[DATASET EXCERPT]
------

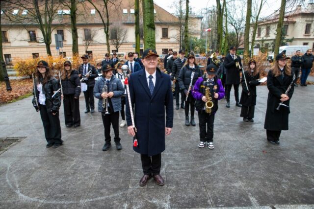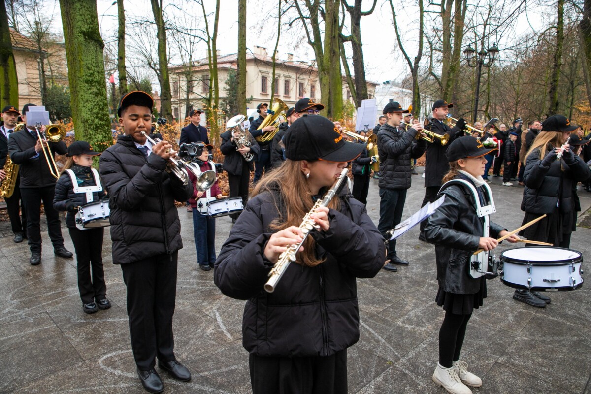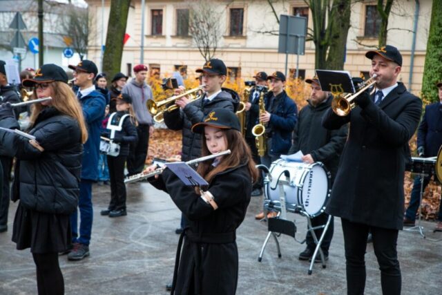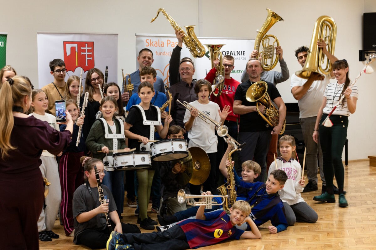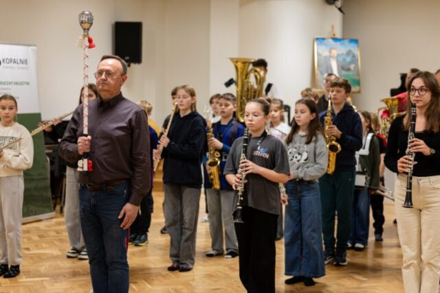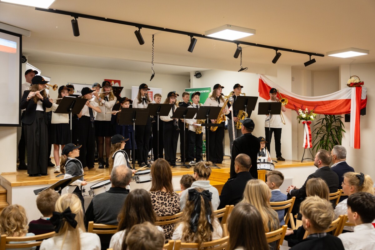 Zwieńczeniem zadania „Marszowy krok…” był Koncert Muzyki Polskiej i wspólne śpiewanie pieśni patriotycznych w Państwowej Szkole Muzycznej I st. w Krzeszowicach z udziałem Wojciecha Pogana, wicestarosty Powiatu Krakowskiego, Wacława Gregorczyka, burmistrza Gminy Krzeszowice, oraz Jerzego Wnęka, wiceprzewodniczącego Rady Miejskiej w Krzeszowicach To był wyjątkowy koncert — wystąpiła Orkiestra Dęta Skala Pasji pod dyrekcją Jerzego Suruło, orkiestra smyczkowa prowadzona przez Joannę Janas i chór pod batutą Agnieszki Żak, a także soliści – uczniowie krzeszowickiej szkoły muzycznej, ponad 100 osób na scenie. Piękna muzyka wybitnych polskich kompozytorów, grana z wewnętrznej potrzeby, oraz wzruszające teksty pieśni patriotycznych wypełniły nie tylko zbyt małą, jak na taki koncert, aulę szkoły, lecz także serca krzeszowickiej publiczności. Zaproszeni goście i publiczność wspólnie z orkiestrą, chórem i profesjonalnym akompaniamentem Agnieszki Żak zaśpiewali pieśni ważne dla narodowej historii i tożsamości Polaków. Ten symboliczny gest wspólnego śpiewania podkreślił jedność, wspólnotę i dumę z polskiego dziedzictwa.
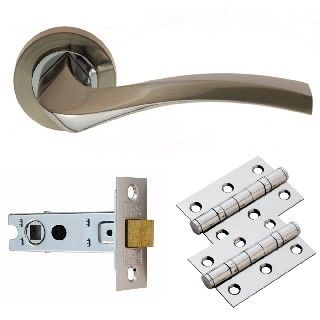Pack includes a pair of handles, a bolt through 64mm tubular latch and a pair of hinges. Sines lever on concealed fix screw on rose. The lever has an angular twist to achieve the best possible ergonomic grip. The thumb and hand fall naturally into its accommodating shape.
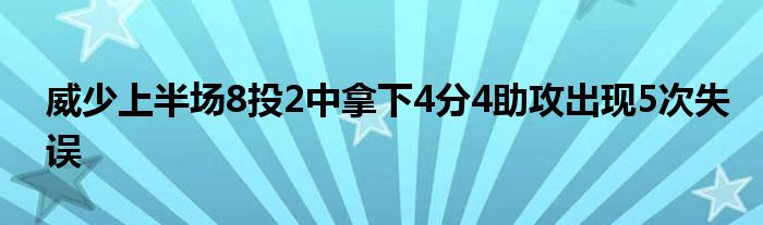 上半場(chǎng)比賽,威少表現(xiàn)不佳,他8投2中拿下4分4助攻,但是還有5次失誤。
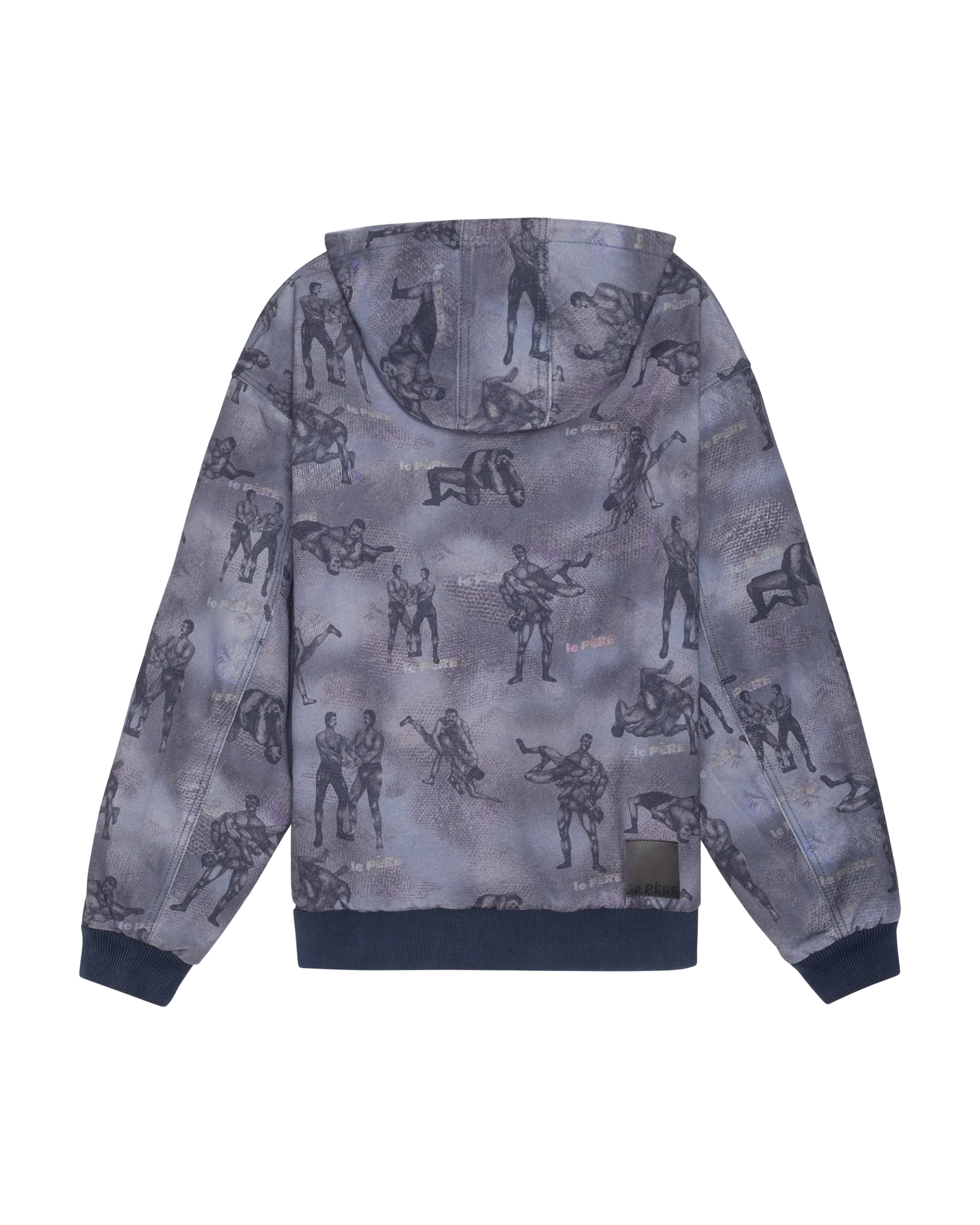 The le PÈRE Cherry Hooded Jacket is a premium hooded sweatshirt designed in collaboration with Cherry Kim. The sweatshirt features a repeated print pattern of wrestling characters that Cherry hand-drew for le PÈRE. Traditionally a delicate French artistic and fabric framework, this repeat print pattern is inspired by toile de jouy and re-interpreted here as a hunter's camouflage outfit.

------

[BRIEF] Only the lines from the one with "上半場(chǎng)比賽,威" through the end of the data, both ends included, should be written out exactly, and no pictures should appear.

[ANSWER SECTION]
 上半場(chǎng)比賽,威少表現(xiàn)不佳,他8投2中拿下4分4助攻,但是還有5次失誤。
 The le PÈRE Cherry Hooded Jacket is a premium hooded sweatshirt designed in collaboration with Cherry Kim. The sweatshirt features a repeated print pattern of wrestling characters that Cherry hand-drew for le PÈRE. Traditionally a delicate French artistic and fabric framework, this repeat print pattern is inspired by toile de jouy and re-interpreted here as a hunter's camouflage outfit.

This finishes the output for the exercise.